____ RAW DATA

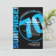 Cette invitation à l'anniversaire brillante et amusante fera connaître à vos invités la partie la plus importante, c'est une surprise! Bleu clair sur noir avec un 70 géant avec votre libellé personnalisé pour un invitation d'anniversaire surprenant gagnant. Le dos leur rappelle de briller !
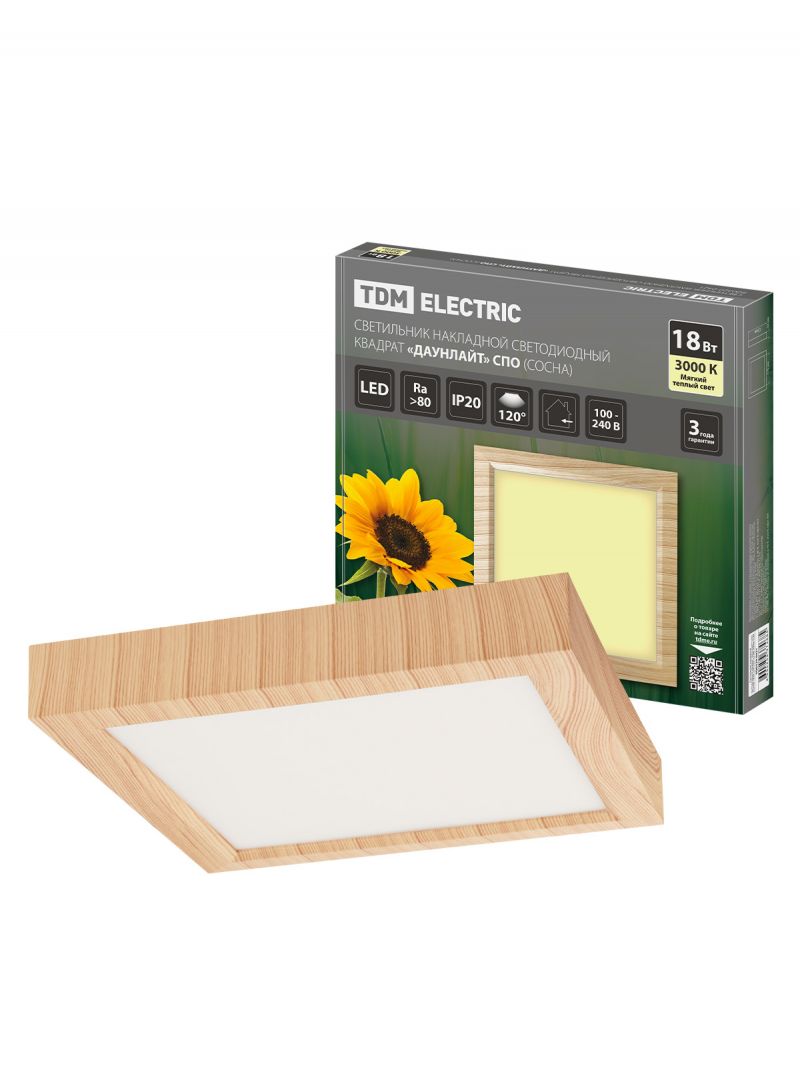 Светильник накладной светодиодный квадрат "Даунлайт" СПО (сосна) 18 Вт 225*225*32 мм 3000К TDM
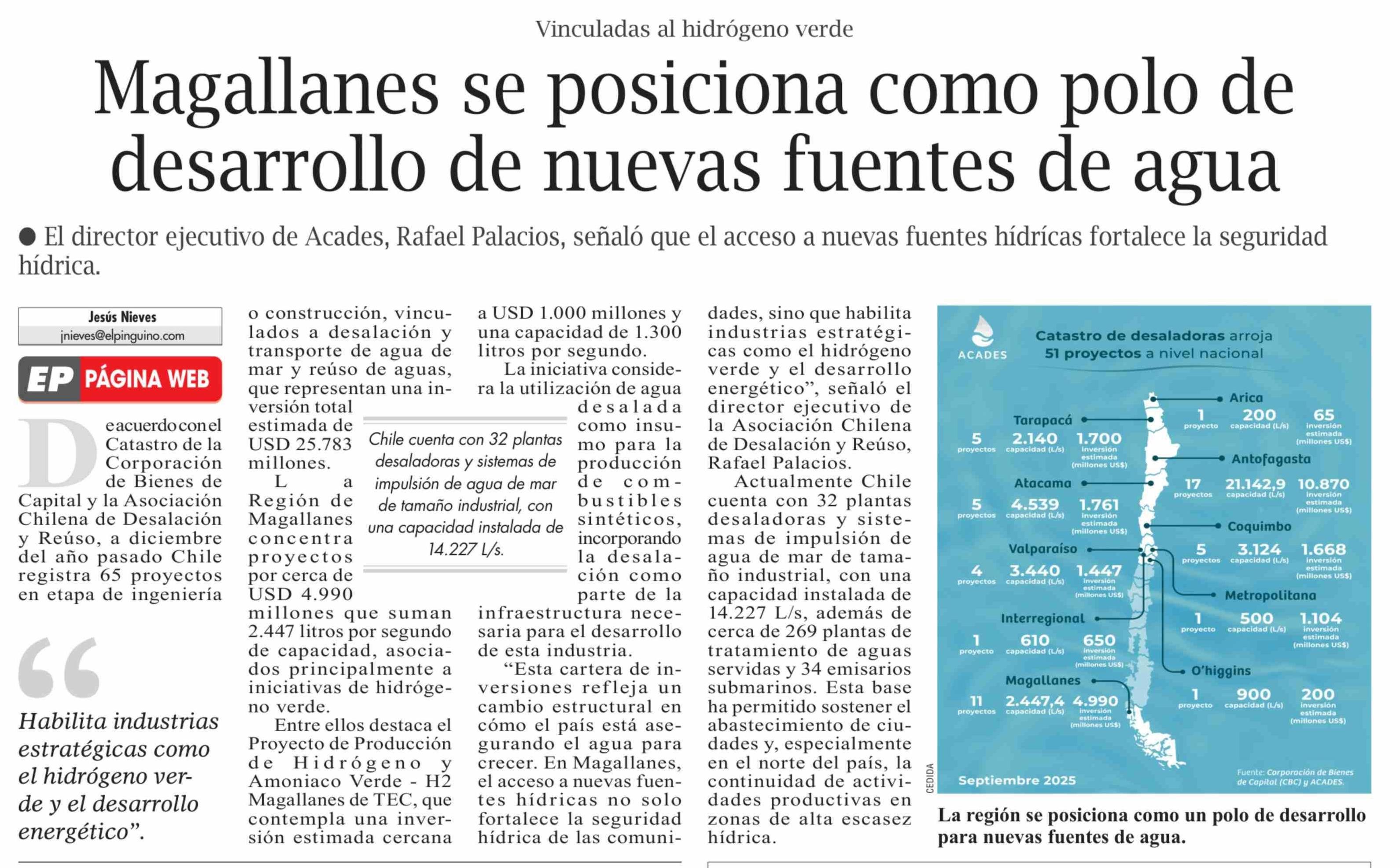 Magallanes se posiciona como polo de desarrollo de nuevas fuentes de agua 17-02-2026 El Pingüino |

________

→ WHAT YOU NEED TO DO
Counting the line with "Светильник накладной светодиодный" and the last line of the data above, transcribe those two lines and every line between them exactly, without the pictures.

→ ANSWER TO THIS EXERCISE
 Светильник накладной светодиодный квадрат "Даунлайт" СПО (сосна) 18 Вт 225*225*32 мм 3000К TDM
 Magallanes se posiciona como polo de desarrollo de nuevas fuentes de agua 17-02-2026 El Pingüino |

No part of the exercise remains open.